VA facilities nationwide halted all nonessential medical and behavior health appointments during the pandemic to free up resources for virus response and to limit risk to other patients and staff. Some veterans' appointments were moved to telehealth. But telehealth only works for patients who have reliable internet, cellular and technology access.
"Even with PTSD and mental health, with the lockdown, they can't get in to get evaluated," Smith said. "So there's really no help for them because they're not getting the evaluation they need to start the disability claims process. We're missing resources."
Some Native veterans are depending on private organizations such as 907 Vets, working to help former service members and their families with their mental health, Smith said.
Native veterans who live in more remote areas of the country, including parts of Alaska, face even more challenges -- they're suddenly even more isolated.
Flights that kept further-flung areas of Alaska connected have been shut down, cutting off those communities from resources.

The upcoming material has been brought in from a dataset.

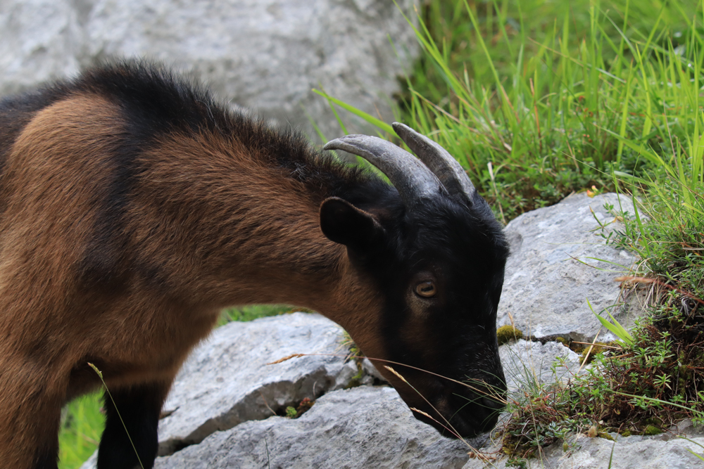Die Geier kreisen heute sehr tief. Am Wegesrand stehen alte verfallene Häuser. Wir treffen auf Ziegen, die neugierig zu uns hinüberschauen, sich dann aber wieder ihrem Essen zuwenden. Feigenbäume wachsen über die Wege. Wir haben es bis zum Pass hinauf geschafft. Von hier aus geht es erst einmal eine kleine Strecke bergab, bevor der Weg in der Schlucht, auf mittlerer Höhe, gerade weiterverläuft.
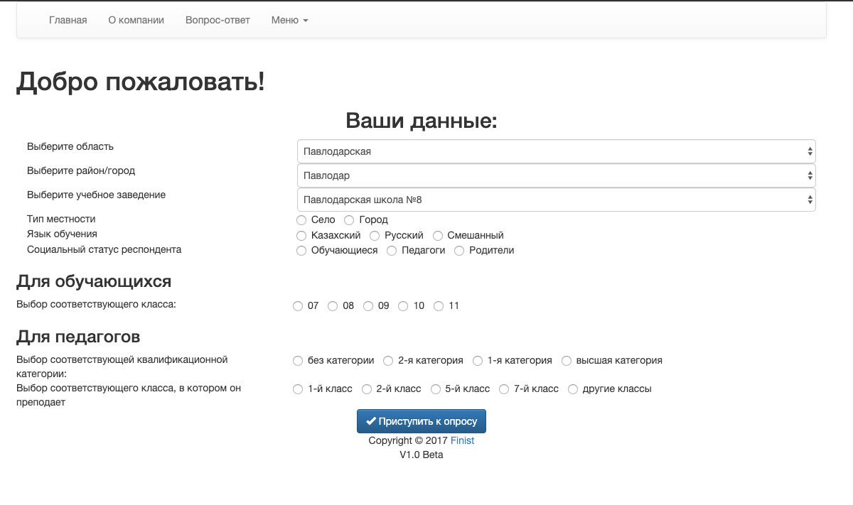Онлайн анкетирование позволяет значительно снизить затраты на опрос, расширить географию, сэкономить время, получить результаты быстро и в нужном формате. Этот проект создан в период работы в компании «Финист». В этой компании я научился всем главным основополагающим концепциям, необходимым для разработки сайтов, мобильных приложений и десктопных приложений. За что очень благодарен сотрудникам компании «Финист» и особенно моему непосредственному руководителю. Это наш лидер, вдохновитель и учитель — Кубрак Алексей. Это приложение создавалось в команде, моё участие оценил-бы в процентов 90%. Именно в этих онлайн-опросах пришлось хорошенько попрактиковать запросы SQL. Технологии Kohana(php), javascript, bootstrap-4, flexbox

"These small communities all over the state are struggling about how to get in or out of the villages," Smith said. "The financial burden to charter a plane to fly out or to get groceries ... Without our airfare service, people are in trouble. It's pretty dramatic."

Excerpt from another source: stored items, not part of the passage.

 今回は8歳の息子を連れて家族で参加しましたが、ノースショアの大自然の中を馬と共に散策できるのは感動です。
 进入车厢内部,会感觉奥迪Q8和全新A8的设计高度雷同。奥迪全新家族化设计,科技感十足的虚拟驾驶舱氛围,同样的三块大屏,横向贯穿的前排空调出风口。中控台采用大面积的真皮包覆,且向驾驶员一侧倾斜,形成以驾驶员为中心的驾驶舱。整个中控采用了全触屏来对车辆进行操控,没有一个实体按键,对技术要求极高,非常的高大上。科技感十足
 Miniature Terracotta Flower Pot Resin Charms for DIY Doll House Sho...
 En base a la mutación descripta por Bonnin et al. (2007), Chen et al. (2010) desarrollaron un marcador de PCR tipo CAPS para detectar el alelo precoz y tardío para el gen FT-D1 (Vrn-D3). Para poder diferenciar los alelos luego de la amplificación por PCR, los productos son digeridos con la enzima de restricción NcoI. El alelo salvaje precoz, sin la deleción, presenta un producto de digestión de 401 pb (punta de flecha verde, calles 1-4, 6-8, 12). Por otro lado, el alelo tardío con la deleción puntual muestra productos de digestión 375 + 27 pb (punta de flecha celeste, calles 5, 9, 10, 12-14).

Late last year, Smith and other Native leaders and advocates traveled from all over the country to Capitol Hill to tell Congressional lawmakers about the challenges Native veterans face, despite histories of service older than the United States itself.
While Secretary Robert Wilkie and Veterans Health Administration executive in charge Dr. Richard Stone were asked to attend that hearing, they did not, frustrating lawmakers and Native veteran representatives.
"We need help fixing the backlog and getting these people care," Smith said. "They were promised they would be taken care of when they signed that dotted line."
The $3 trillion pandemic relief stimulus bill introduced by Democrats this week includes a measure to provide aid to Native veterans. Amid the nearly 2,000-page spending proposal was a provision to expand covered care for Native veterans during the pandemic, requiring the VA and Department of Defense to reimburse Indian Health Services for care it provides those vets, regardless of whether the eligible veteran received care from IHS or a contracted health provider.